What the exercise asks ::
Everything in the listing except the pictures should be written out exactly.

○ ○ ○ ○ ○ ○ ○

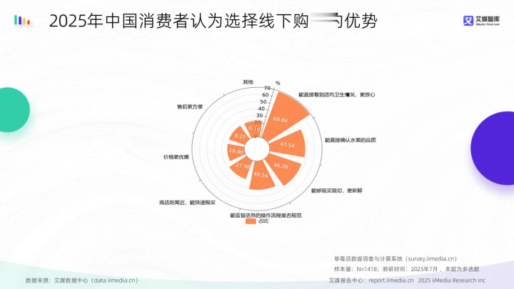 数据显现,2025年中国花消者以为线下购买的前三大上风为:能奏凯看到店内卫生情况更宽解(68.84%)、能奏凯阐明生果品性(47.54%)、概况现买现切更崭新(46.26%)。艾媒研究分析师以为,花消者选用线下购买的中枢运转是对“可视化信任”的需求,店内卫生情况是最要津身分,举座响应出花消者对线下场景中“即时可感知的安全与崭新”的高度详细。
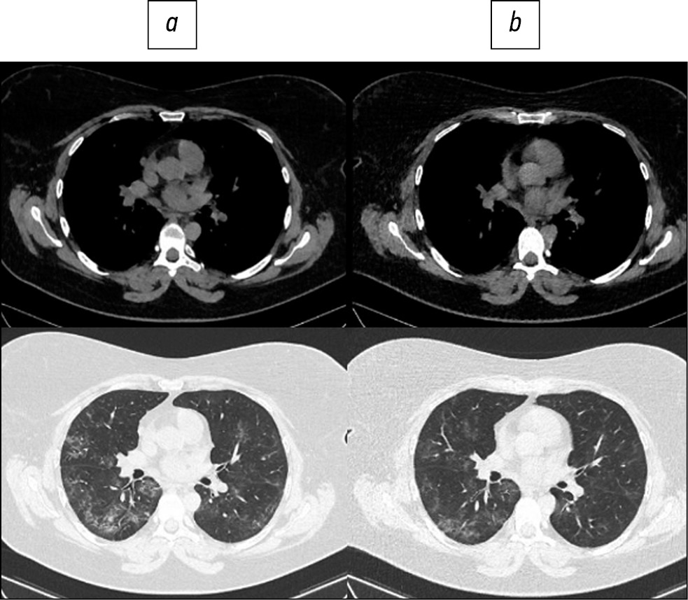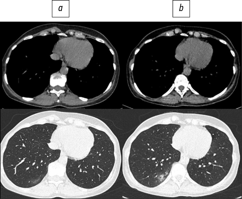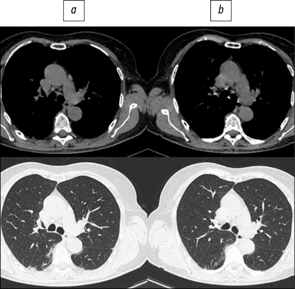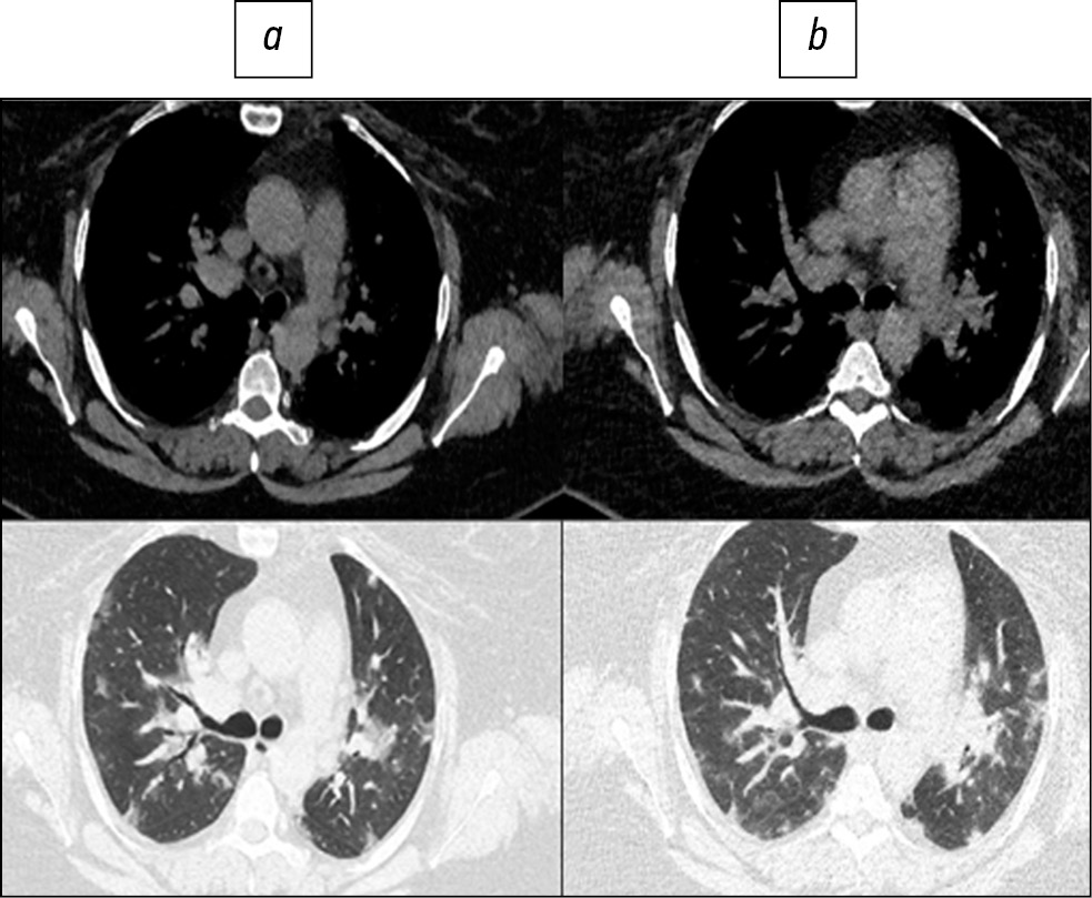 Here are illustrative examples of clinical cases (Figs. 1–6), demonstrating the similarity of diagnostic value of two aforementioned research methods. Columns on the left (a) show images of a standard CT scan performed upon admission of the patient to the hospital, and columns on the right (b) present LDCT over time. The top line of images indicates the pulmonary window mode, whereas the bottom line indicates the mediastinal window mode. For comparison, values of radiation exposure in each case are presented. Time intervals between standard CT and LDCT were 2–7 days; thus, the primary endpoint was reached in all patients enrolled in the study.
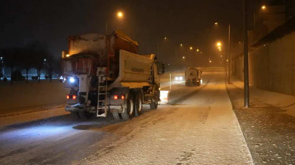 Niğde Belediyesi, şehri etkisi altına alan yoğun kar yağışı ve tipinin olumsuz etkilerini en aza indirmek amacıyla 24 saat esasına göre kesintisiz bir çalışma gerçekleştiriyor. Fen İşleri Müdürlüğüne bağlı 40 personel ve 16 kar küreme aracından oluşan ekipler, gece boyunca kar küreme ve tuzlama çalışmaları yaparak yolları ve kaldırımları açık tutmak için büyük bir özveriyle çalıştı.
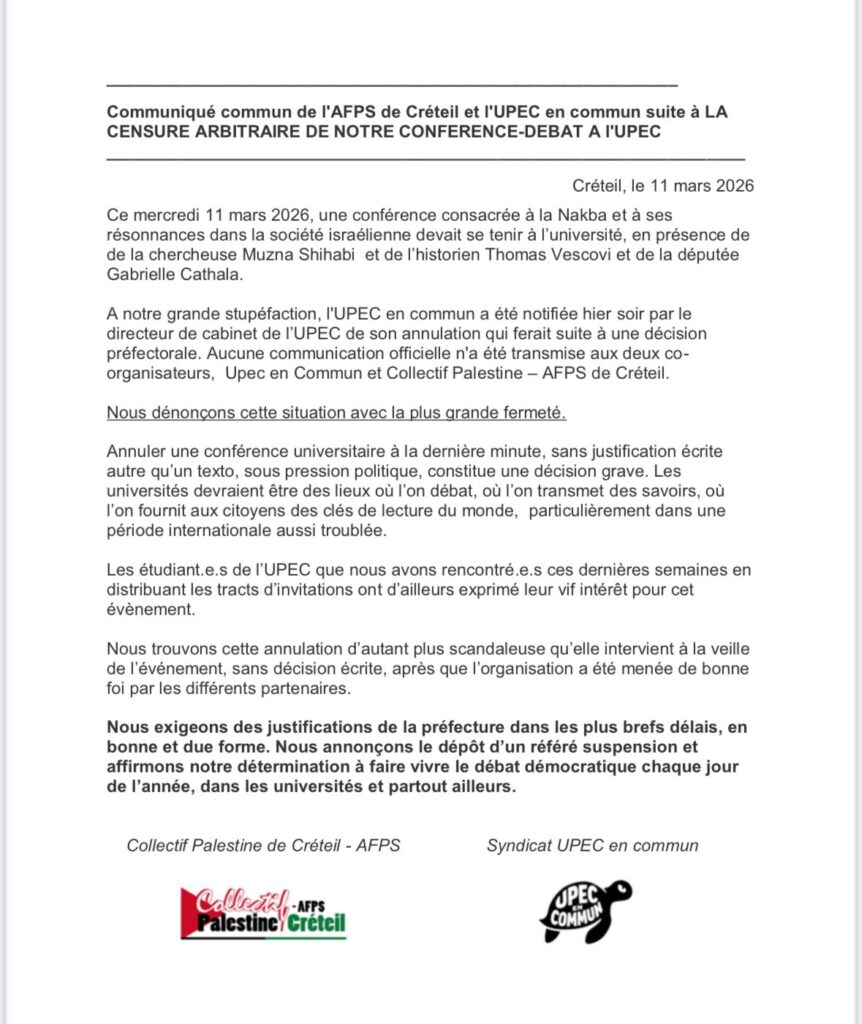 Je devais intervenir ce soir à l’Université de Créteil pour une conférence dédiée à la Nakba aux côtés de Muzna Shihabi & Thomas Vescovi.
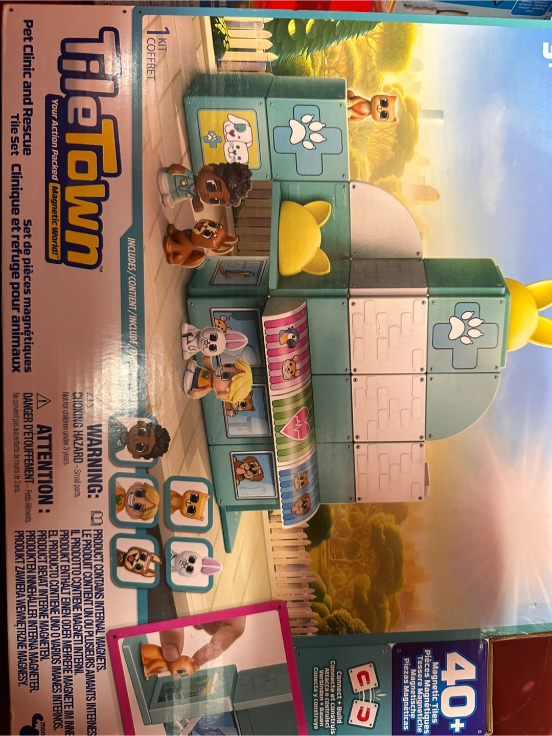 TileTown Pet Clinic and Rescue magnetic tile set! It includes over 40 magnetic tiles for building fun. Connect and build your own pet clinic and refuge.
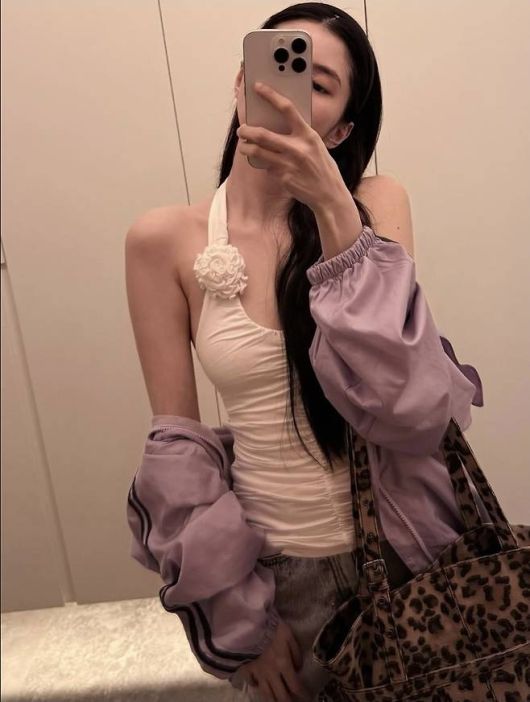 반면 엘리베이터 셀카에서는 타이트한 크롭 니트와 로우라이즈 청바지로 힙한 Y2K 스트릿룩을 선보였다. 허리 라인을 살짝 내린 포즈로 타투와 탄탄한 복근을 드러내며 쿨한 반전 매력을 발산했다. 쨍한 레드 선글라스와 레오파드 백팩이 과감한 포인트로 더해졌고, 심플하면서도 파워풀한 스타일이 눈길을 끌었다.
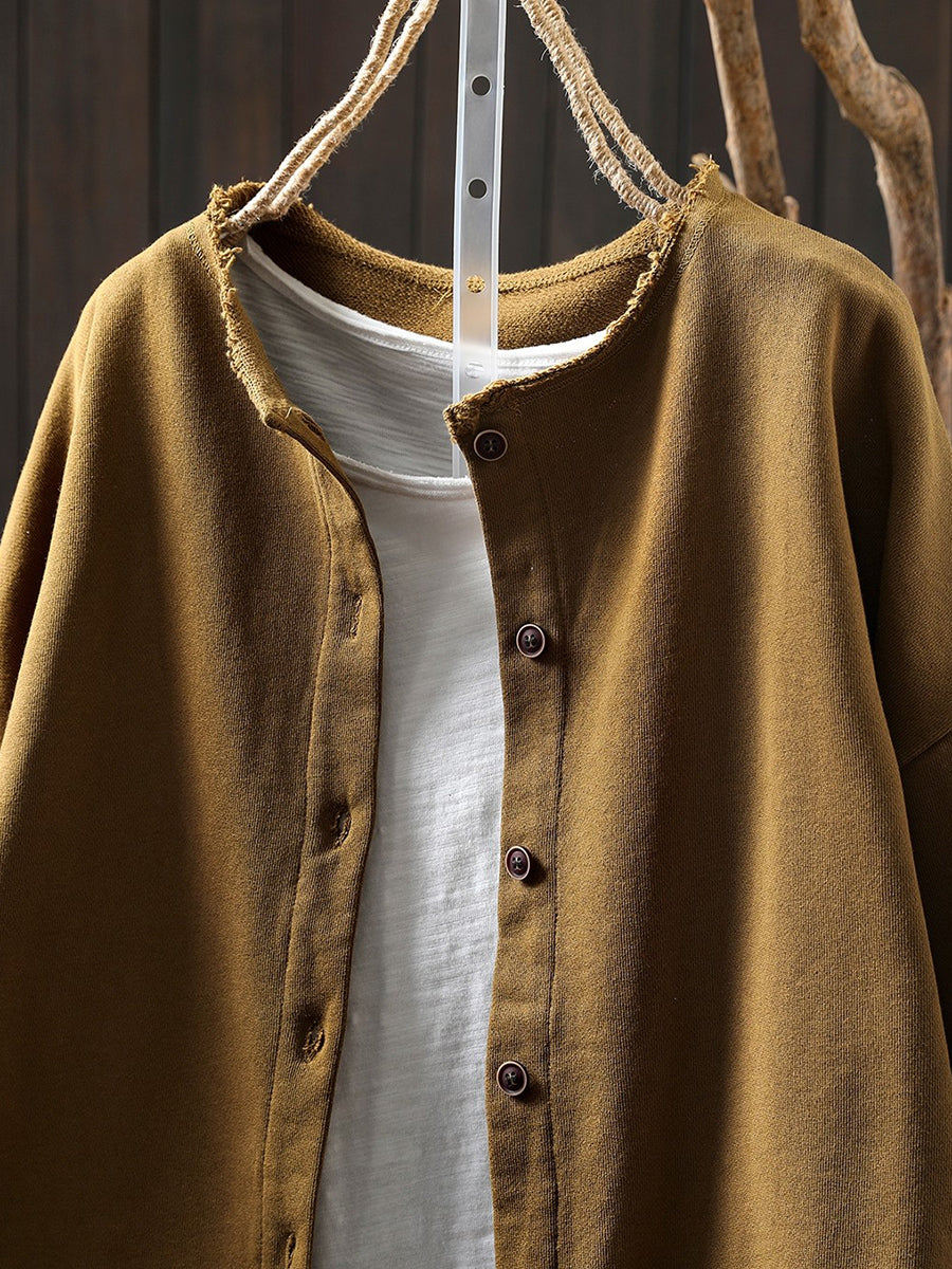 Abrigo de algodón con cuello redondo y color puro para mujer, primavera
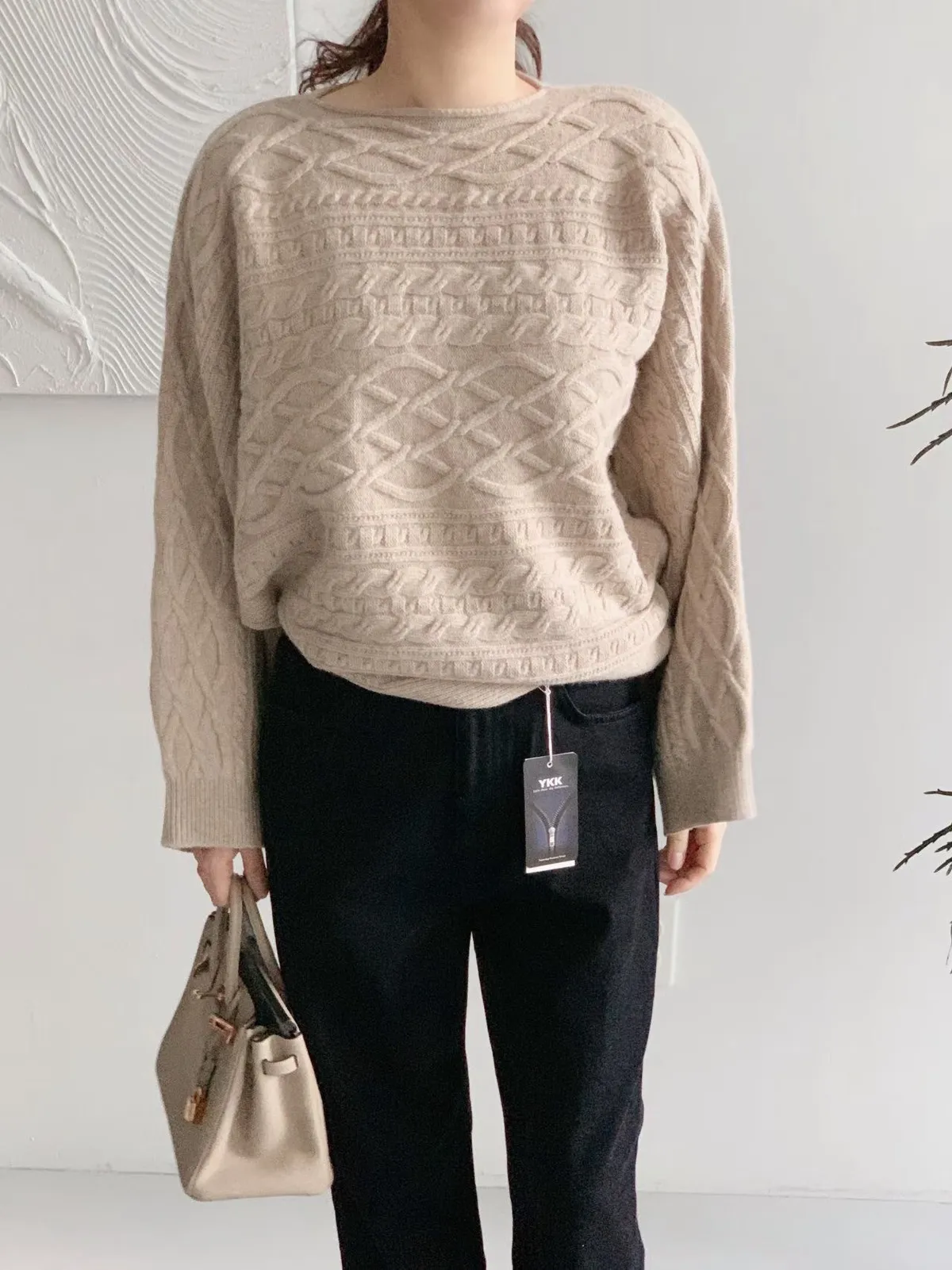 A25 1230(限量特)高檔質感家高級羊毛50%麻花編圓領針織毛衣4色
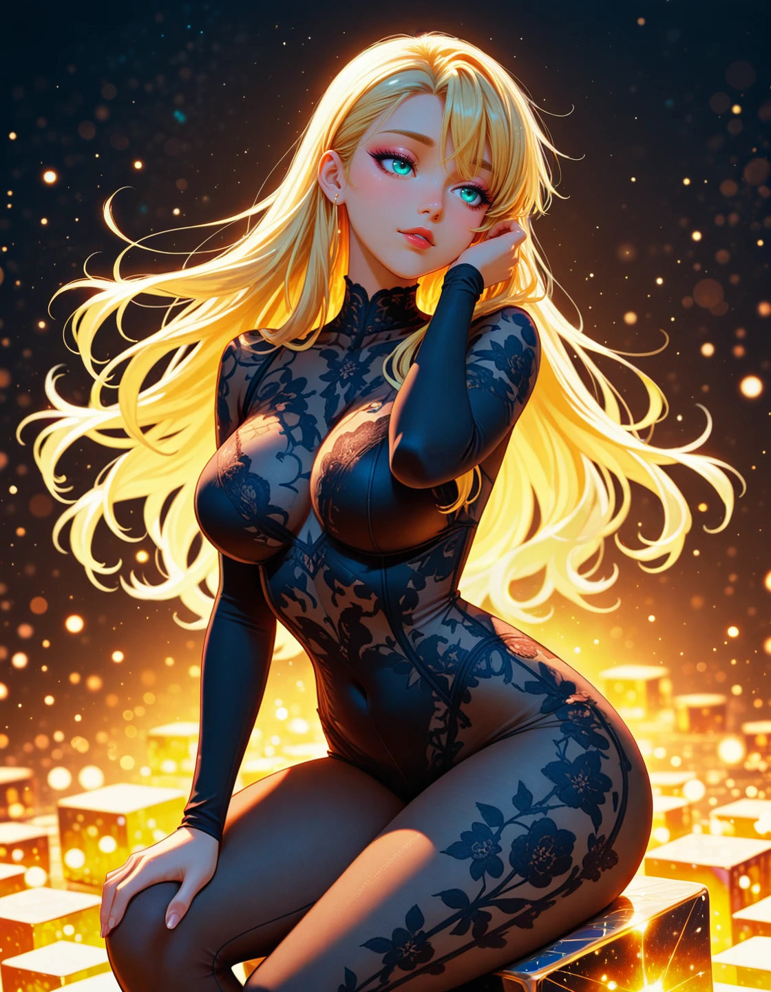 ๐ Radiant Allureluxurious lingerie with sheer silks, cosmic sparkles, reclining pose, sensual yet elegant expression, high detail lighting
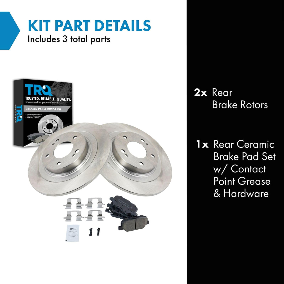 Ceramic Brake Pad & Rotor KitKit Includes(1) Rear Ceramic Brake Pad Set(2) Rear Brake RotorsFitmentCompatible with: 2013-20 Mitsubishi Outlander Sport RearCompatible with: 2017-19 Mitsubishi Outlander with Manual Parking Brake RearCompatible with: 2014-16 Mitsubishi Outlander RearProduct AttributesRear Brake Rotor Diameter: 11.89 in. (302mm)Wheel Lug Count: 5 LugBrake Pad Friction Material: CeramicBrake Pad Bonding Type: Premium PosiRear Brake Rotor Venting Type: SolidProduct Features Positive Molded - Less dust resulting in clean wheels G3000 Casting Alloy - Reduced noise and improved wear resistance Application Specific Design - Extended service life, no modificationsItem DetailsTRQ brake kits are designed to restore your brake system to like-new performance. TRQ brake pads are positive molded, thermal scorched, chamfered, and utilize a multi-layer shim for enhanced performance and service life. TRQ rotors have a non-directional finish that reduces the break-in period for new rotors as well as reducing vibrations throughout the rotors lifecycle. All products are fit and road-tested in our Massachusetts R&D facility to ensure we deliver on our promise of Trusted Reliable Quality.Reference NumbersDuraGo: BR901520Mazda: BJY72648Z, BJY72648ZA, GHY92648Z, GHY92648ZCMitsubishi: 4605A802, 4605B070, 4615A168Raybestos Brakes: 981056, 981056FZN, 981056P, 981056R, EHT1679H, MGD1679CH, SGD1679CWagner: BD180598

○ ○ ○ ○ ○ ○ ○

Answer to the problem ::
 数据显现,2025年中国花消者以为线下购买的前三大上风为:能奏凯看到店内卫生情况更宽解(68.84%)、能奏凯阐明生果品性(47.54%)、概况现买现切更崭新(46.26%)。艾媒研究分析师以为,花消者选用线下购买的中枢运转是对“可视化信任”的需求,店内卫生情况是最要津身分,举座响应出花消者对线下场景中“即时可感知的安全与崭新”的高度详细。
 Here are illustrative examples of clinical cases (Figs. 1–6), demonstrating the similarity of diagnostic value of two aforementioned research methods. Columns on the left (a) show images of a standard CT scan performed upon admission of the patient to the hospital, and columns on the right (b) present LDCT over time. The top line of images indicates the pulmonary window mode, whereas the bottom line indicates the mediastinal window mode. For comparison, values of radiation exposure in each case are presented. Time intervals between standard CT and LDCT were 2–7 days; thus, the primary endpoint was reached in all patients enrolled in the study.
 Niğde Belediyesi, şehri etkisi altına alan yoğun kar yağışı ve tipinin olumsuz etkilerini en aza indirmek amacıyla 24 saat esasına göre kesintisiz bir çalışma gerçekleştiriyor. Fen İşleri Müdürlüğüne bağlı 40 personel ve 16 kar küreme aracından oluşan ekipler, gece boyunca kar küreme ve tuzlama çalışmaları yaparak yolları ve kaldırımları açık tutmak için büyük bir özveriyle çalıştı.
 Je devais intervenir ce soir à l’Université de Créteil pour une conférence dédiée à la Nakba aux côtés de Muzna Shihabi & Thomas Vescovi.
 TileTown Pet Clinic and Rescue magnetic tile set! It includes over 40 magnetic tiles for building fun. Connect and build your own pet clinic and refuge.
 반면 엘리베이터 셀카에서는 타이트한 크롭 니트와 로우라이즈 청바지로 힙한 Y2K 스트릿룩을 선보였다. 허리 라인을 살짝 내린 포즈로 타투와 탄탄한 복근을 드러내며 쿨한 반전 매력을 발산했다. 쨍한 레드 선글라스와 레오파드 백팩이 과감한 포인트로 더해졌고, 심플하면서도 파워풀한 스타일이 눈길을 끌었다.
 Abrigo de algodón con cuello redondo y color puro para mujer, primavera
 A25 1230(限量特)高檔質感家高級羊毛50%麻花編圓領針織毛衣4色
 ๐ Radiant Allureluxurious lingerie with sheer silks, cosmic sparkles, reclining pose, sensual yet elegant expression, high detail lighting
 Ceramic Brake Pad & Rotor KitKit Includes(1) Rear Ceramic Brake Pad Set(2) Rear Brake RotorsFitmentCompatible with: 2013-20 Mitsubishi Outlander Sport RearCompatible with: 2017-19 Mitsubishi Outlander with Manual Parking Brake RearCompatible with: 2014-16 Mitsubishi Outlander RearProduct AttributesRear Brake Rotor Diameter: 11.89 in. (302mm)Wheel Lug Count: 5 LugBrake Pad Friction Material: CeramicBrake Pad Bonding Type: Premium PosiRear Brake Rotor Venting Type: SolidProduct Features Positive Molded - Less dust resulting in clean wheels G3000 Casting Alloy - Reduced noise and improved wear resistance Application Specific Design - Extended service life, no modificationsItem DetailsTRQ brake kits are designed to restore your brake system to like-new performance. TRQ brake pads are positive molded, thermal scorched, chamfered, and utilize a multi-layer shim for enhanced performance and service life. TRQ rotors have a non-directional finish that reduces the break-in period for new rotors as well as reducing vibrations throughout the rotors lifecycle. All products are fit and road-tested in our Massachusetts R&D facility to ensure we deliver on our promise of Trusted Reliable Quality.Reference NumbersDuraGo: BR901520Mazda: BJY72648Z, BJY72648ZA, GHY92648Z, GHY92648ZCMitsubishi: 4605A802, 4605B070, 4615A168Raybestos Brakes: 981056, 981056FZN, 981056P, 981056R, EHT1679H, MGD1679CH, SGD1679CWagner: BD180598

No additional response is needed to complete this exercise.